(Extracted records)

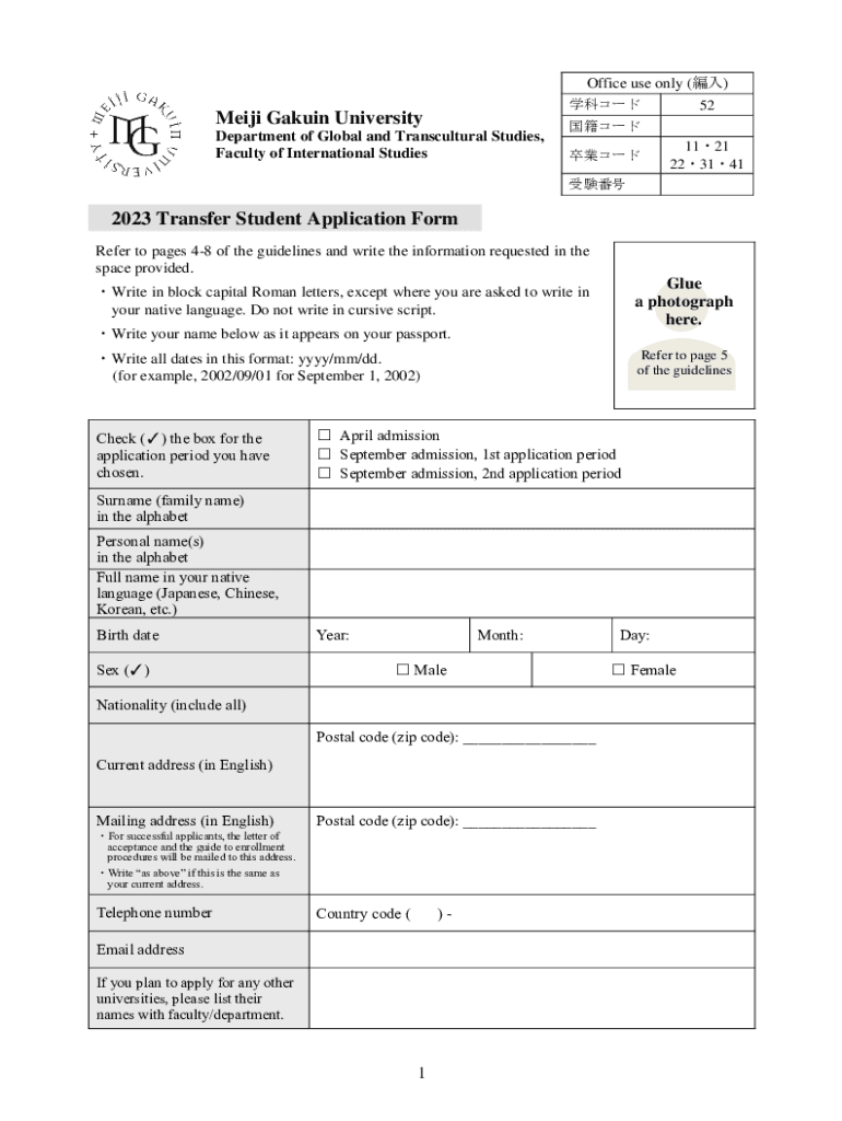 Office uses only () 52Meiji Gain University Department of Global and Transcultural Studies, Faculty of International Studies 1121 2231412023 Transfer Student Application Form Refers to pages 48 of
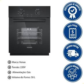 - O Forno de Embutir a Gás Venax Totale Nero 50L é a escolha ideal para quem busca praticidade e eficiência com design moderno.
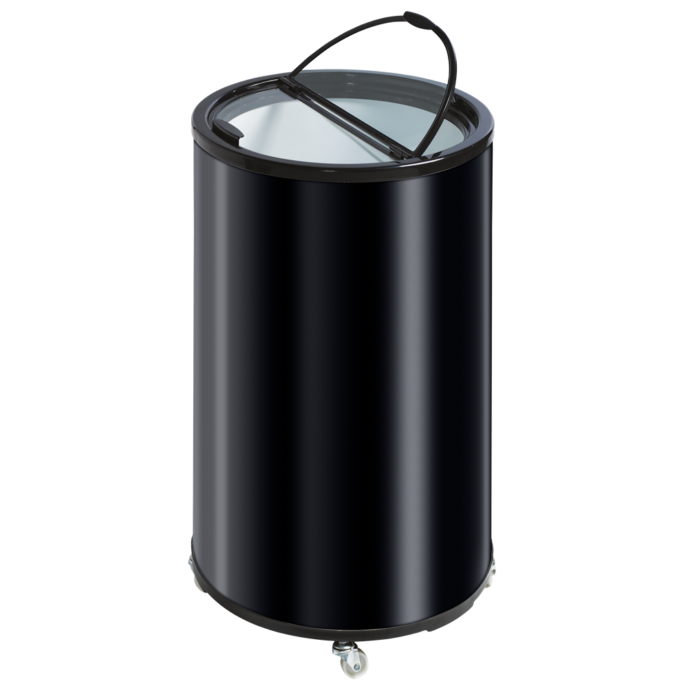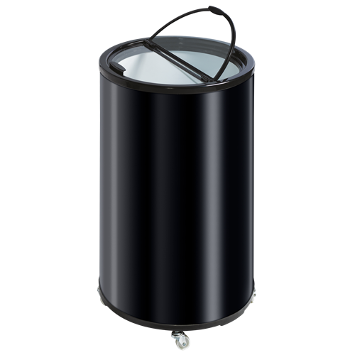 Kylaren är utrustad med 4 hjul, vilket gör den lätt att flytta runt, även när den är fylld med drycker.
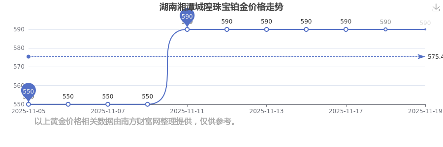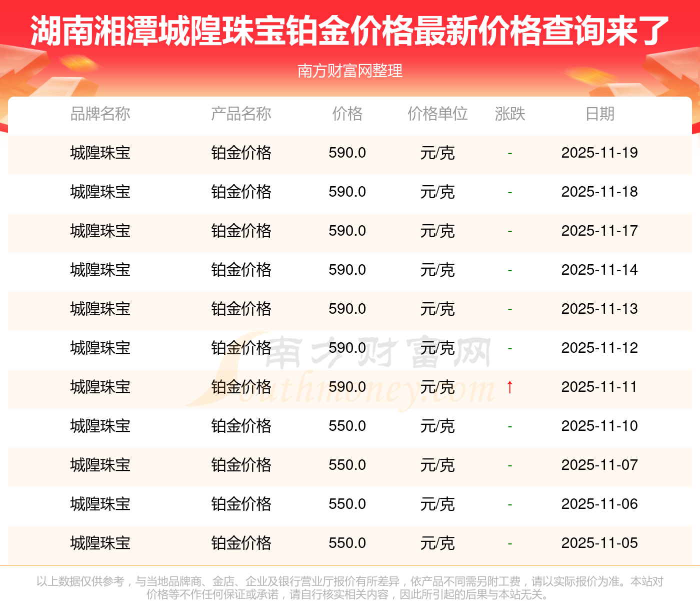 2025年11月19日,湖南湘潭城隍珠宝铂金价格每克的售卖价位为590.0元/克。
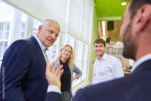 Panorama aus Silhouetten von Geschäftsleuten vor bunten Business Portraits
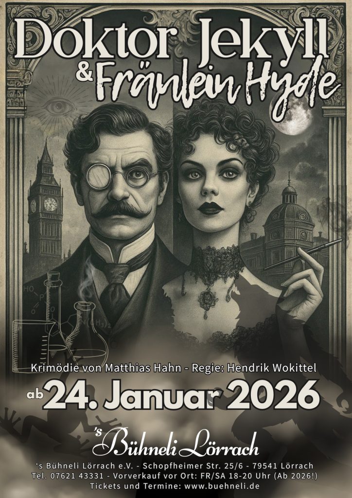 Buehneli-Plakat Dr. Jekyll und Frl. Hyde 2026. // Plakat: Katja Schmuck-Bachmann
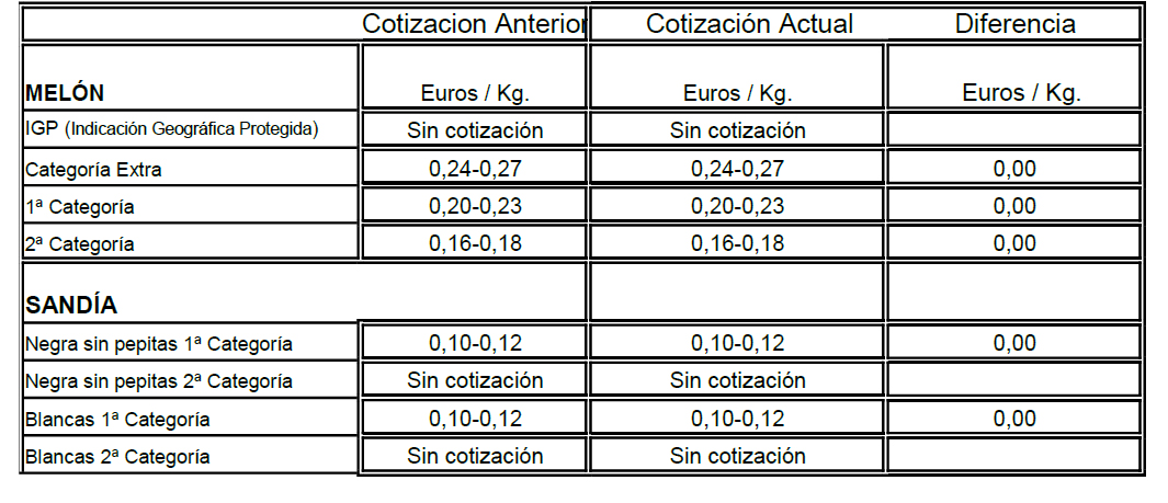 Los precios han repetido cotizaciones, situándose por abajo en los 10 céntimos/kilo de la sandía y por arriba en los 27 del melón de categoría extra. De momento, hay varias categorías que aún no cotizan.
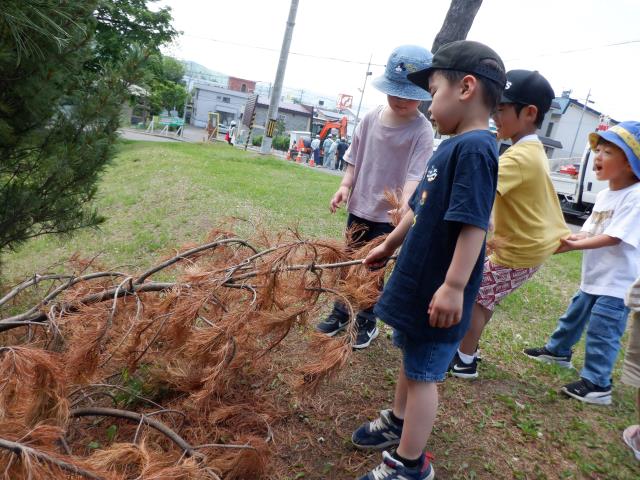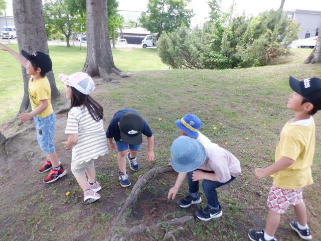 他にも、大きな木の根上がりしているところを「恐竜の骨だ!」とお友達とイメージを膨らませながら喜んでいましたよ。想像力豊かに楽しんでいるすみれさんです♪

Work request:
Only the lines from the one with "Panorama aus Silhouetten" through the last line of the records above are wanted, copied exactly and with pictures omitted.

Result for this exercise:
 Panorama aus Silhouetten von Geschäftsleuten vor bunten Business Portraits
 Buehneli-Plakat Dr. Jekyll und Frl. Hyde 2026. // Plakat: Katja Schmuck-Bachmann
 Los precios han repetido cotizaciones, situándose por abajo en los 10 céntimos/kilo de la sandía y por arriba en los 27 del melón de categoría extra. De momento, hay varias categorías que aún no cotizan.
 他にも、大きな木の根上がりしているところを「恐竜の骨だ!」とお友達とイメージを膨らませながら喜んでいましたよ。想像力豊かに楽しんでいるすみれさんです♪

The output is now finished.